One of the characteristics of animation is that it offers the illusion of life, in which passive materials are transformed into living entities with agency of their own. A range of animated films from Bambi (Hand, 1942) to The Jungle Book (Reitherman, 1967) and The Wild Robot (Sanders, 2023) features talking animals with varying degrees of anthropomorphisation, as a means to explore the relationship between human and non-human nature. The presence of animals endowed with (anthropomorphic) agency, however, did not in itself ensure ecologically progressive messages. To the contrary, it often reinforced the binary opposition between human and non-human nature.
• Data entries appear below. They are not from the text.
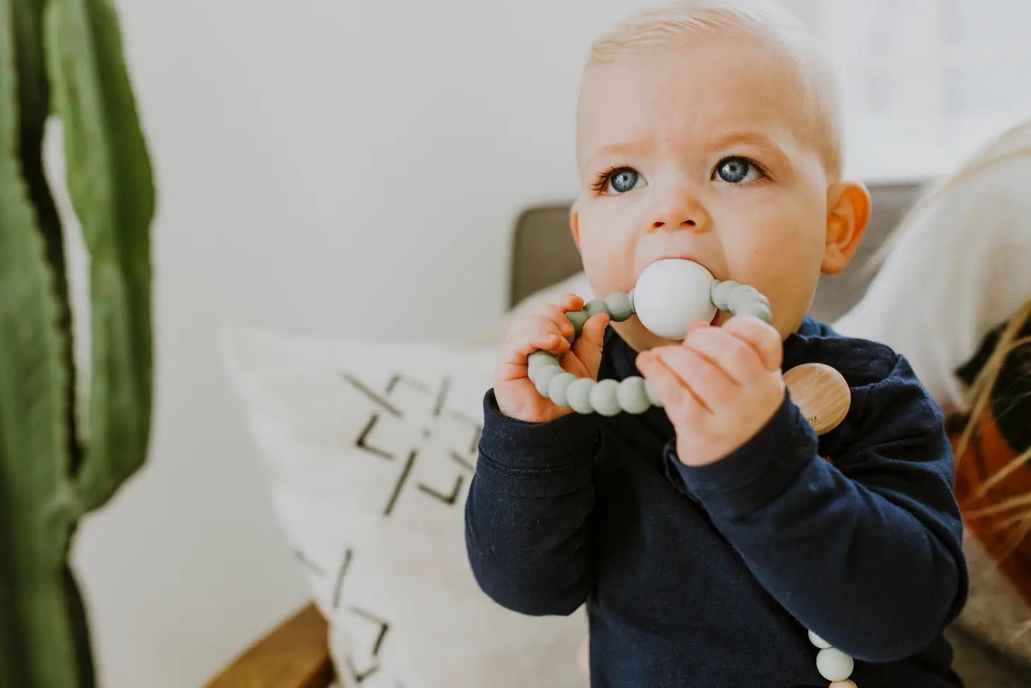 We are a mom owned + operated company that was founded in 2014 in California. Majority of our products are made by moms, and all our employees are parents that have been through the teething trenches themselves. All our products are made with food grade silicone and beech wood and certified to meet USA FDA and Consumer Product Safety Commission Standards. Our style is neutral + simple, from the product design down to our packaging. We hope you feel just as fashionable as you feel practical using our products. Sprouting teeth is a rite of passage and it can be a very stressful period for both baby and parents alike. While there is no magic cure for teething pain and discomfort it's our hope that having some Chewable Charm necklaces and teethers will make the experience a little more pleasant for everyone.
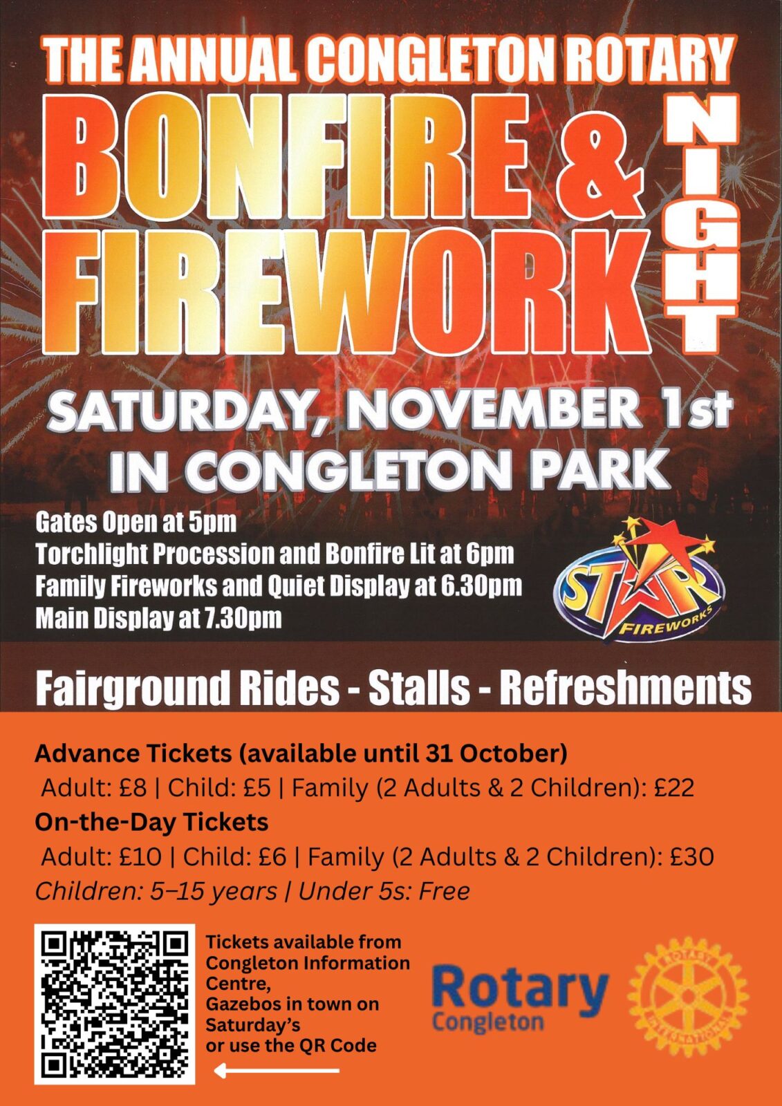 ![]() Rotary Congleton present their annual Bonfire & Firework Night 5pm – Gates Open 6pm – Torchlight Procession & Lighting of the Bonfire As in previous years, there will be two shows.. 6.30pm - One for the younger members of the family (silent fireworks) 7.30pm - The ‘grown-ups’ show with bigger and noisier fireworks. Fairground rides, … Read more of this article |
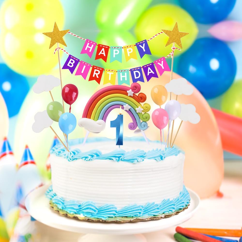 Topper per torta del primo compleanno - Striscione di buon compleanno - Candela blu numero 1 - Set di decorazioni di compleanno con nuvole arcobaleno colorate,
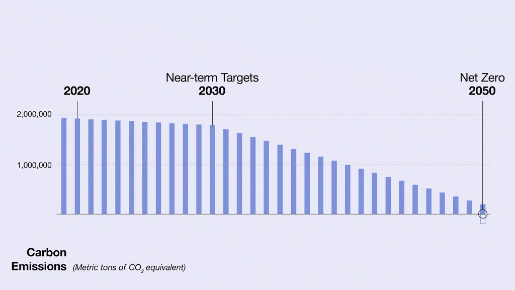 Our commitment to building a net-zero future cuts carbon emissions over 90% by 2050 throughout our entire value chain which encompasses what we make (our products), how we make them (our operations) and the ways we deliver them (our transportation).

As Ursula Heise aptly puts it : “By questioning how and why we discover agency in nonhumans, how organisms become objects and objects organisms, animated film persistently draws attention to the reification of nature in modern societies and its opposite, the encounter with nature as a realm populated by a variety of nonhuman agents.” (Heise, 2014, p. 304). In what follows, I will use the example of Chicken Run (Lord & Park, 2000), to explore how the animation is interrogating the question of agency by focusing on material connections, instead of the abstract and often magical metaphorical approaches frequently used in animations featuring animals.

Fig. 1: Mrs. Tweedy and the pie machine. Screenshot from Chicken Run (Lord & Park, 2000).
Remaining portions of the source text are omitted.